*DATA LISTING*
■ ■ ■ ■ ■

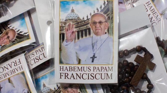 Bildchen und Rosenkränze mit dem neuen Papst Franziskus sind in Rom bereits zu haben.
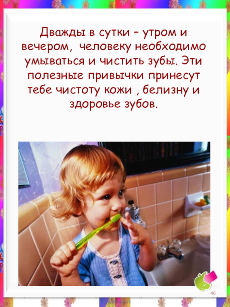 Слайд 46Дважды в сутки – утром и вечером, человеку необходимо умываться и
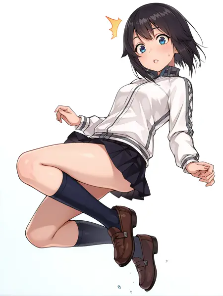 服装:h_clothes, 高领, 白色运动夹克, 长袖, 黑色迷你裙, 过膝袜, 乐福鞋,
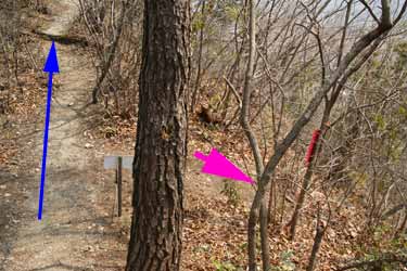 | 緊急下山道(ピンク矢印) | 神成山の頭がチョコット見える | |||
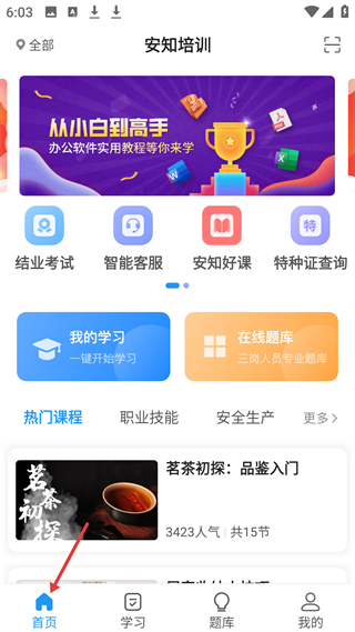 2、在首頁借多樣服務,參與課程學習,使用在線題庫,借智能客服,解決學習疑問,助力技能成長。
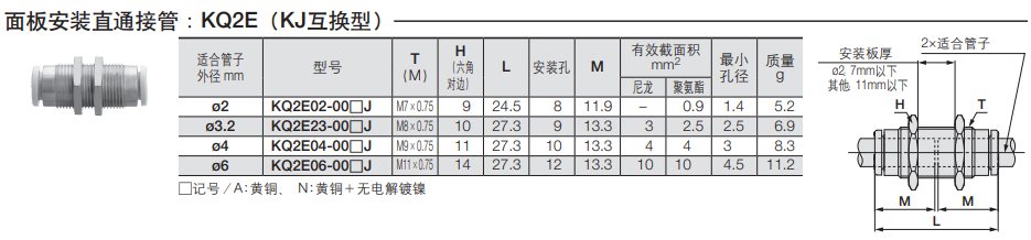 SMC的气动接头SMC公制面板安装直通接管,KQ2E02-00AJ
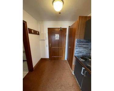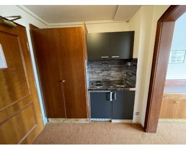 Beim Betreten der Wohnung befinden Sie sich im Flur, in dem eine Pantryküche integriert ist. Von diesem haben Sie Zugang zum Badezimmer mit Doppelwaschbecken und Badewanne sowie zum teilmöblierten, lichtdurchflutete Wohn- / Schlafzimmer.
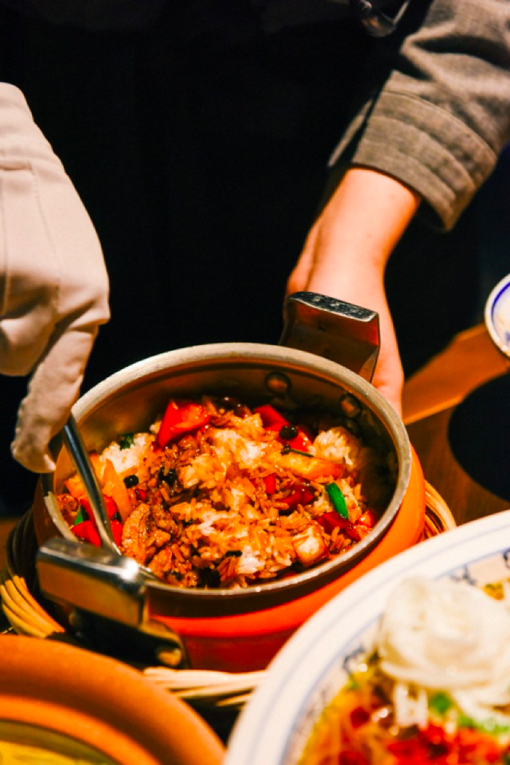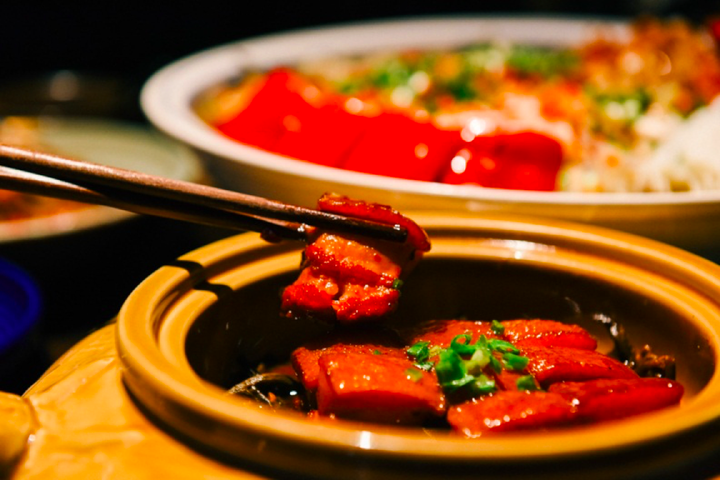用大瓦罐坛呈上来的「主席红烧肉」选用上等的黑猪五花肉,经过数小时的煲制,肉变得异常软烂,肥肉入口即化,入味十足。
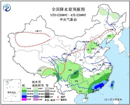 据中央气象台消息,3月31日08时至4月1日08时,青海南部、川西高原北部、内蒙古东北部、黑龙江中北部等地有小雪或雨夹雪;广东中部和东部、福建中南部、江西南部、台湾大部等地有大雨,其中,广东中东部、福建东南部、台湾中部的部分地区有暴雨(50~80毫米),局地大暴雨(100~120毫米);上述局地还将伴有短时雷雨大风或冰雹等强对流天气。
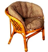 Комплект из натурального ротанга, состоящий из дивана, двух кресел и круглого столика со стеклом.
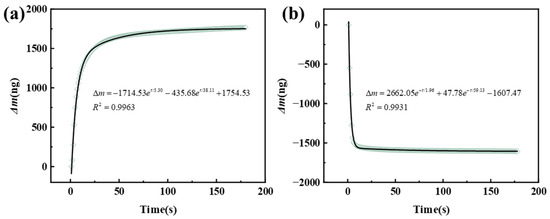 The fitting curve of the modal exponential dynamics model of the NCM-C. (a) Adsorption process and (b) desorption process.
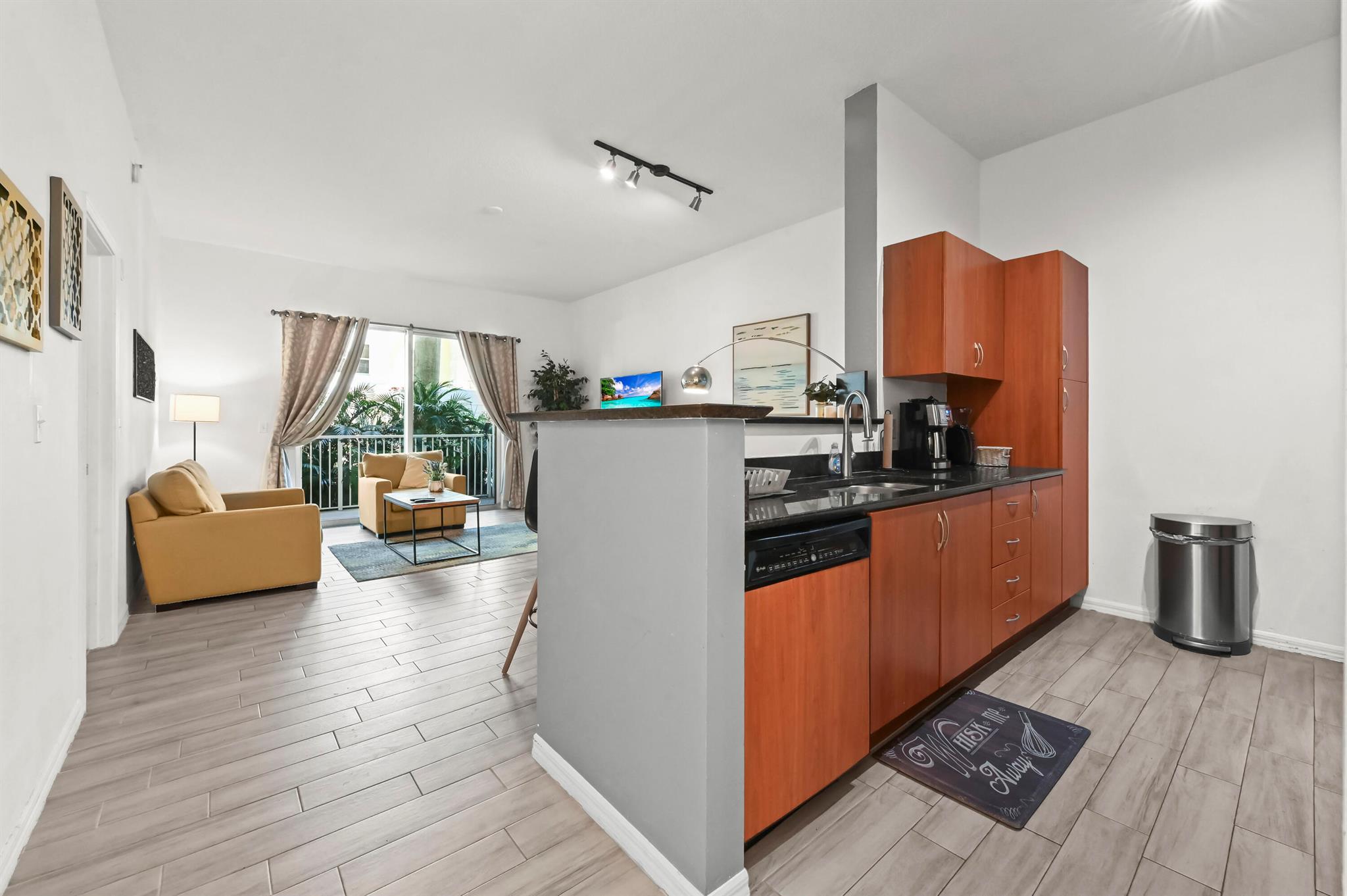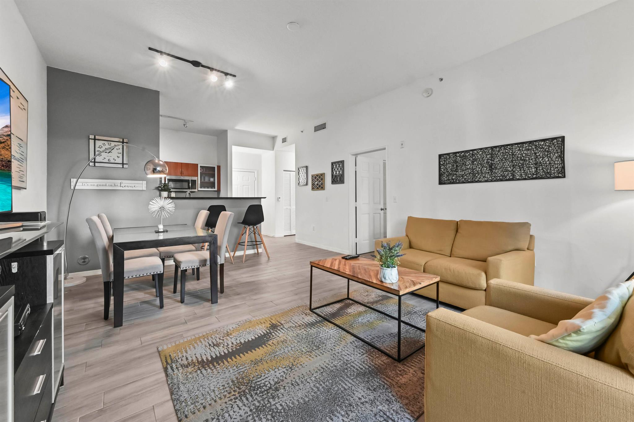 Discover your perfect retreat in this stunning first-floor, garden-view condominium, offering a unique blend of elegance and convenience. Step inside to an inviting open floor plan, enhanced by impressive high ceilings that create an immediate sense of spaciousness and light. The unit's prime location provides easy access to both the building entry and the garage. You'll enjoy modern comfort with a newer air conditioner and the convenience of an in-unit washer and dryer, making daily living effortless. 30 day minimum rentals allows a great income opportunity!
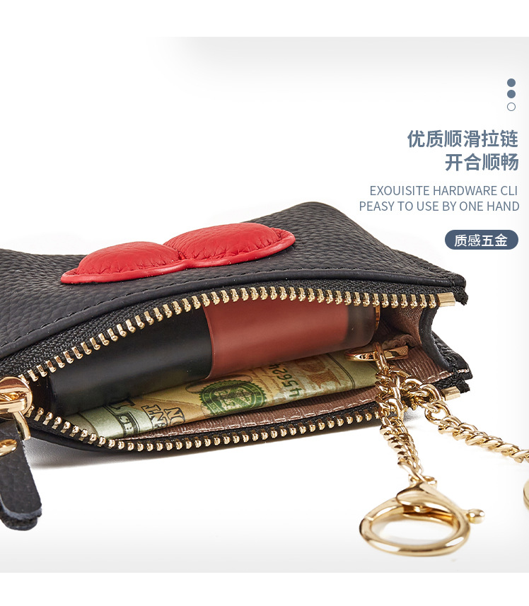 头层牛皮拉链爱心钥匙包可爱ins口红包迷你钥匙扣硬币包零钱包
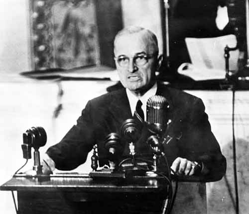 1947年、米大統領トルーマンが、反ソ・反共の徹底によるソ連「封じ込め」政策の宣言トルーマン=ドクトリンを出しました。
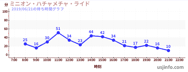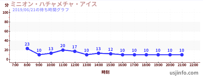 • ミニオン・ハチャメチャ・ライド$B$N(B2019年06月21日の待ち時間
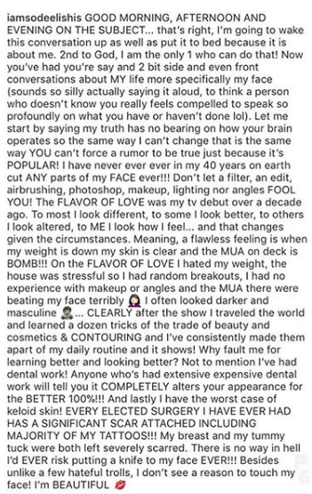 In an Instagram TV video, she shared her make-up routine step-by-step in hopes of putting the rumors to bed. She says she’s able to alter her appearance simply by contouring. Deelishis’ caption read:
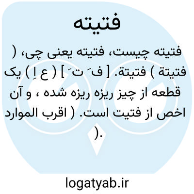 لغت نامه دهخدا ( فتیتة ) فتیتة. [ ف َ ت َ ] ( ع اِ ) یک قطعه از چیز ریزه ریزه شده، و آن اخص از فتیت است. ( اقرب الموارد ). رجوع به فتیت شود.
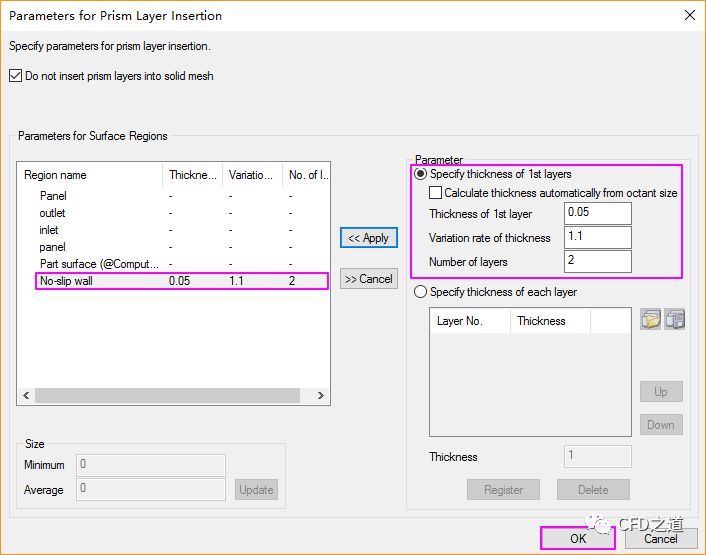 如下图所示,设置编辑No-slip wall的边界层数据,点击OK按钮关闭对话框
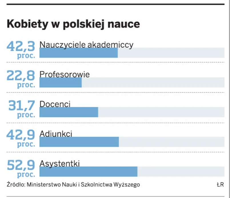 Kobiety stanowią obecnie 42,3 proc. polskiej kadry akademickiej. Liczba ta maleje jednak wraz ze wzrostem prestiżu tytułu naukowego. Na stanowiskach profesorskich pracuje tylko 22 proc. kobiet.

■ ■ ■ ■ ■

*PROBLEM*
Range to copy from the records above: the line containing "神成山の頭がチョコット見える | |||" to the line containing "用大瓦罐坛呈上来的「主席红烧", both included. Output those lines exactly and only those, skipping pictures.

*OUTPUT BELOW*
 | 緊急下山道(ピンク矢印) | 神成山の頭がチョコット見える | |||
 2、在首頁借多樣服務,參與課程學習,使用在線題庫,借智能客服,解決學習疑問,助力技能成長。
 SMC的气动接头SMC公制面板安装直通接管,KQ2E02-00AJ
 Beim Betreten der Wohnung befinden Sie sich im Flur, in dem eine Pantryküche integriert ist. Von diesem haben Sie Zugang zum Badezimmer mit Doppelwaschbecken und Badewanne sowie zum teilmöblierten, lichtdurchflutete Wohn- / Schlafzimmer.
用大瓦罐坛呈上来的「主席红烧肉」选用上等的黑猪五花肉,经过数小时的煲制,肉变得异常软烂,肥肉入口即化,入味十足。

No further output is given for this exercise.